Zuverlässige allpolige Trennung mit Power Interlocking
Die EN ISO 14119 beschreibt außerdem den Umgang mit der allpoligen Trennung für Schlüsseltransfersysteme in Kombination mit Lasttrennschaltern. Diese Schaltung im Leistungsteil wird im Englischen auch als Power Interlocking bezeichnet. Die Technologie erzwingt für die Schlüsselfreigabe zuerst die Bedienung eines Lasttrennschalters, der dann die Energieversorgung der Maschine unterbricht. Damit wird gewährleistet, dass die Maschine vor der Schlüsselfreigabe allpolig vom Netz entkoppelt ist.
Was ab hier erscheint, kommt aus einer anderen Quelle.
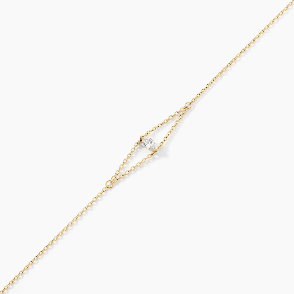 Bracelet Or Jaune 375/1000 Jamsheed Solitaire Navette Oxyde Double Chaine Maille Forcat 16+2Cm BNH0015K-G-CZ-S1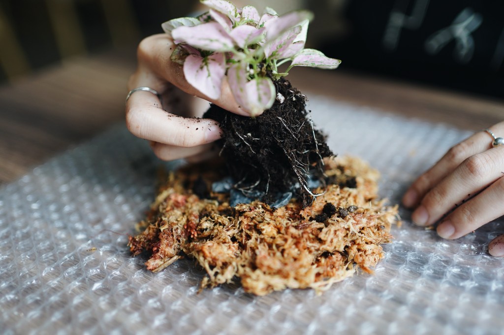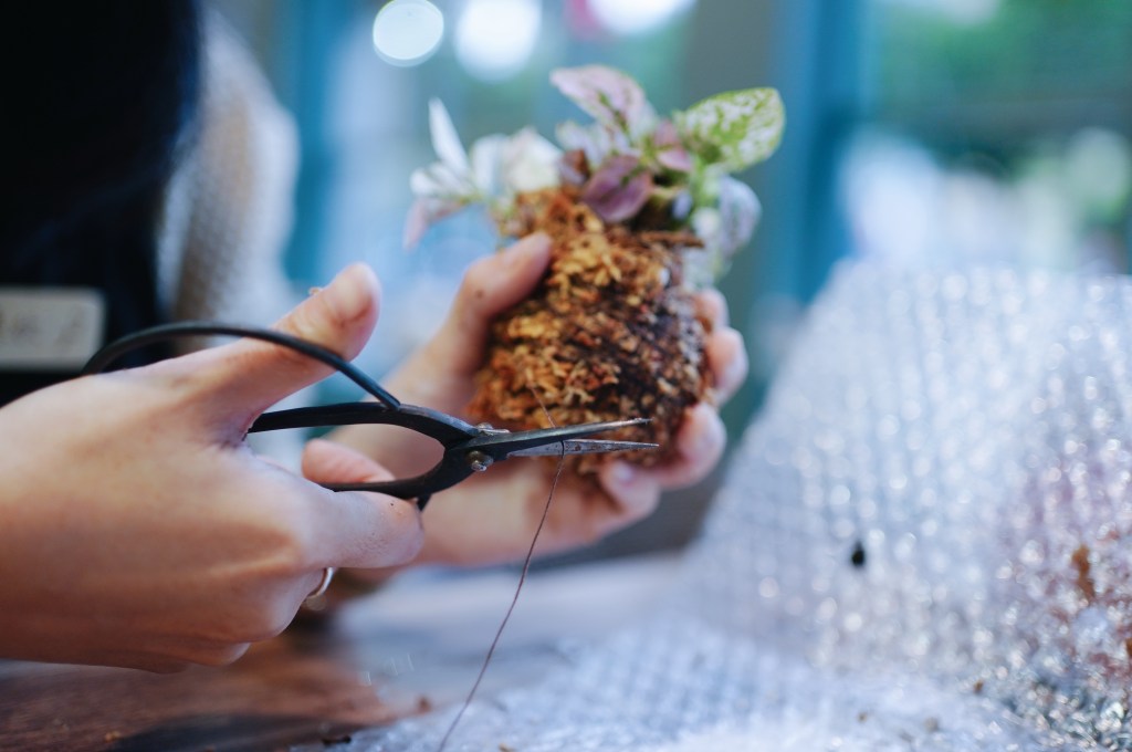 從盆中取出適量植物,這次示範的植物是:網紋草。植物要留適量的培養土哦~待會一起包進水苔裡。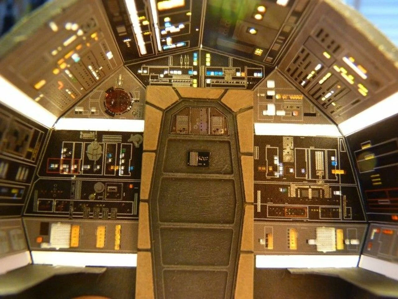 Enhance and correct the detail of the DeAgostini Millennium Falcon’s cockpit.

Beim Power Interlocking tritt jedoch häufig ein Problem auf: Wenn der Lasttrennschalter stets unter Last geschaltet wird, anstatt die Maschine ordnungsgemäß Ein- und Auszuschalten, verkürzt sich die Lebensdauer drastisch. Dold empfiehlt deshalb für allpolige Trennungen, zuerst die Maschine herunterzufahren und danach den Lasttrennschalter zu bedienen. Das schont den Schalter und erhöht die Lebensdauer.
Im Zusammenspiel mit der EN ISO 14119 ist Safemaster STS die richtige Lösung für den Schutz von Mensch und Anlage in der Produktion. Dank der Möglichkeit des mechanischen und verdrahtungslosen Einsatzes ist das System auch im Fehlerfall zuverlässig und robust. Damit spielen Schlüsseltransfersysteme auch mehr als 100 Jahre nach ihrer Erfindung eine wichtige Rolle in der Industrie.